WHAT NEEDS TO BE DONE
Nothing but the lines from the top of the data to the line holding "- Generous Storage" should be printed, word for word and both ends included; leave the pictures out.

STORED DATA
== Segment start ==
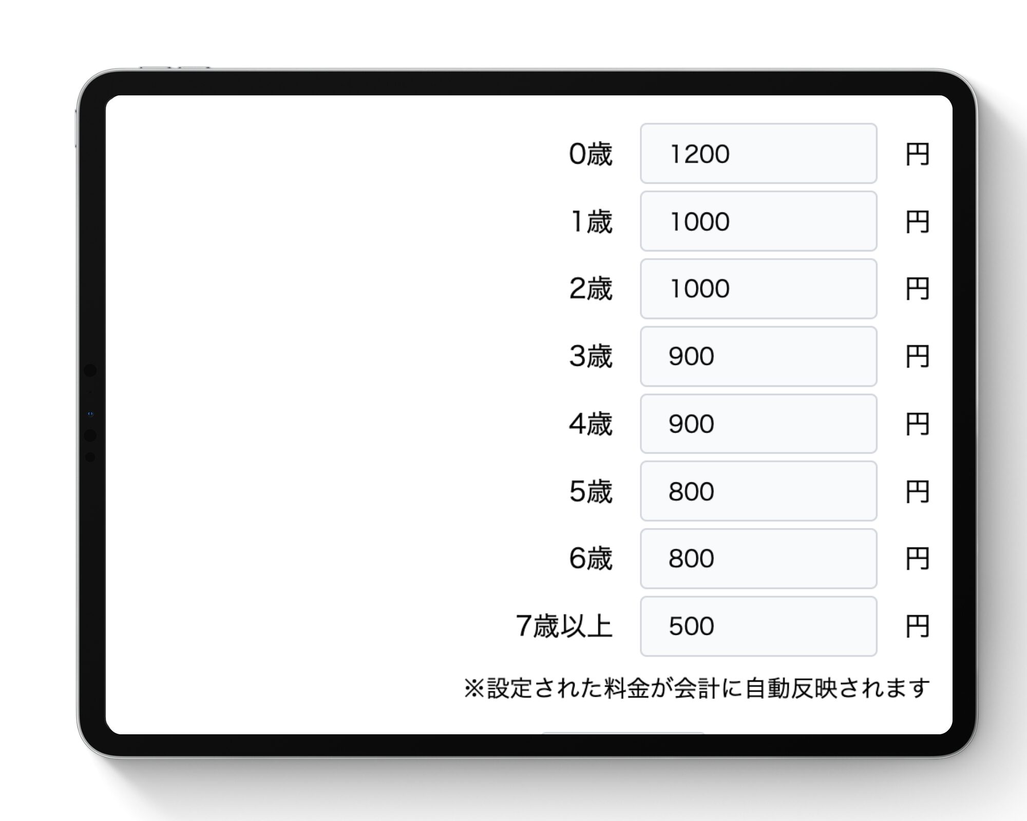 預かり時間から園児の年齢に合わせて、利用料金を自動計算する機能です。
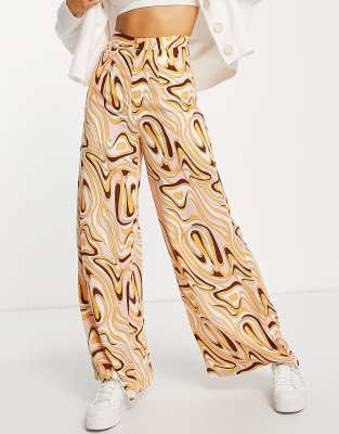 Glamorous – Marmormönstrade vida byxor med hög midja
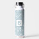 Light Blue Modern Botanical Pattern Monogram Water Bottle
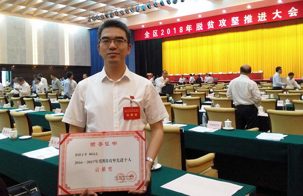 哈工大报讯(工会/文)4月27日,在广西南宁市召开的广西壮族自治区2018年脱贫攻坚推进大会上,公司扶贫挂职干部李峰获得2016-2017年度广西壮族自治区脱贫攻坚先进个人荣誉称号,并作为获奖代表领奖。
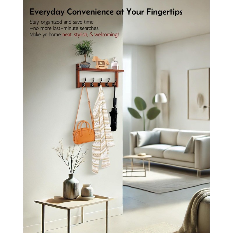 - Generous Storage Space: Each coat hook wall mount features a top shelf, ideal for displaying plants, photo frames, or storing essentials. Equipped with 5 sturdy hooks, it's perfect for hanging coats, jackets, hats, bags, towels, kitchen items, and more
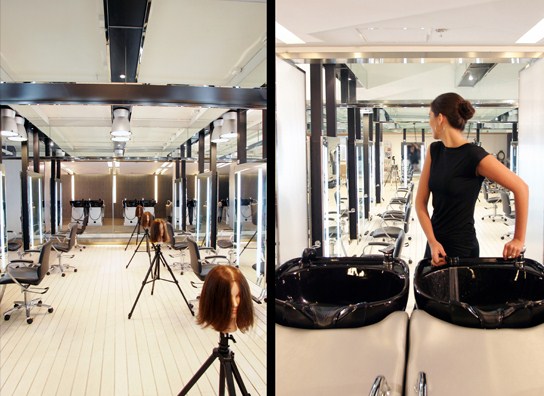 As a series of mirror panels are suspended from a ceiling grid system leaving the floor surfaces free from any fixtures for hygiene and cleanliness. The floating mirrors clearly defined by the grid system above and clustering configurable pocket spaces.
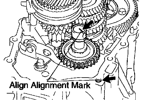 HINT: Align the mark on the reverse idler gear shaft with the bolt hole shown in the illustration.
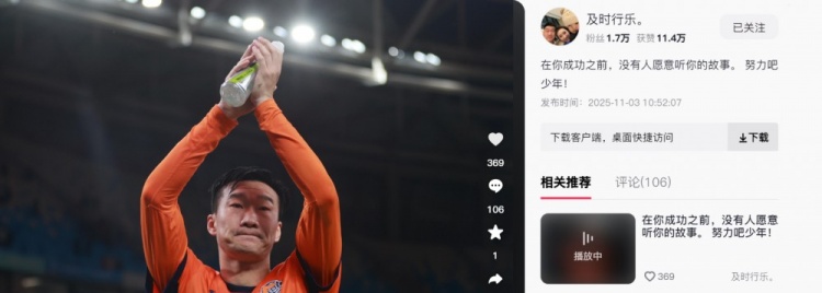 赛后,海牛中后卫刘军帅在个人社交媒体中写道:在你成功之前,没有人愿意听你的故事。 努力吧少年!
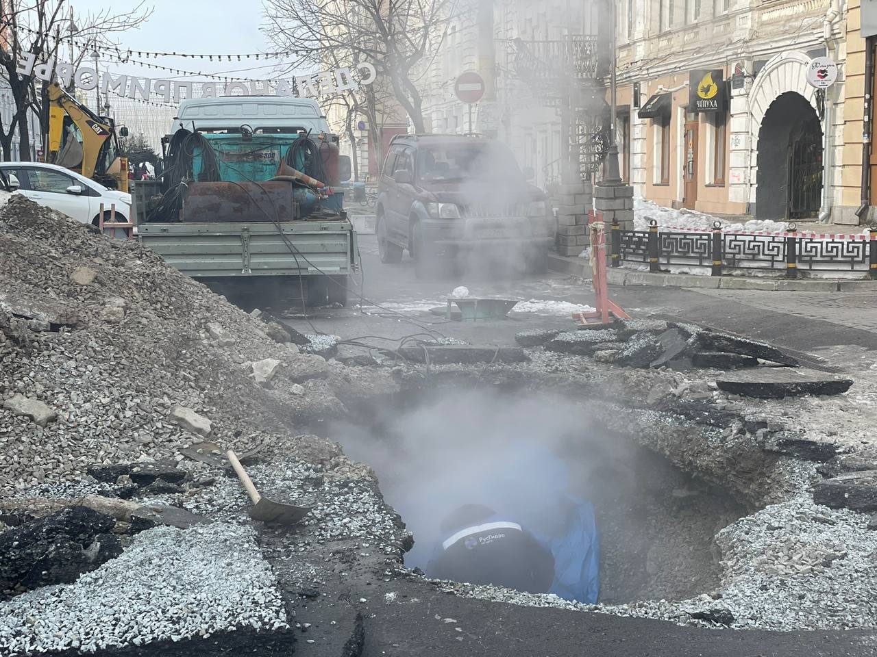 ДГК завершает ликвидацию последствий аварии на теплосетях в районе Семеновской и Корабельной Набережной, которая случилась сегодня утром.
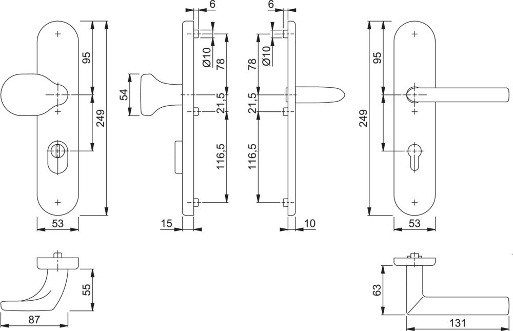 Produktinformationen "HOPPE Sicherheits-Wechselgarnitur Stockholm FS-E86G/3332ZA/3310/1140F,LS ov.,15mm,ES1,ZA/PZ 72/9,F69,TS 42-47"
== Segment end ==
RESULT
 預かり時間から園児の年齢に合わせて、利用料金を自動計算する機能です。
 Glamorous – Marmormönstrade vida byxor med hög midja
 Light Blue Modern Botanical Pattern Monogram Water Bottle
 哈工大报讯(工会/文)4月27日,在广西南宁市召开的广西壮族自治区2018年脱贫攻坚推进大会上,公司扶贫挂职干部李峰获得2016-2017年度广西壮族自治区脱贫攻坚先进个人荣誉称号,并作为获奖代表领奖。
 - Generous Storage Space: Each coat hook wall mount features a top shelf, ideal for displaying plants, photo frames, or storing essentials. Equipped with 5 sturdy hooks, it's perfect for hanging coats, jackets, hats, bags, towels, kitchen items, and more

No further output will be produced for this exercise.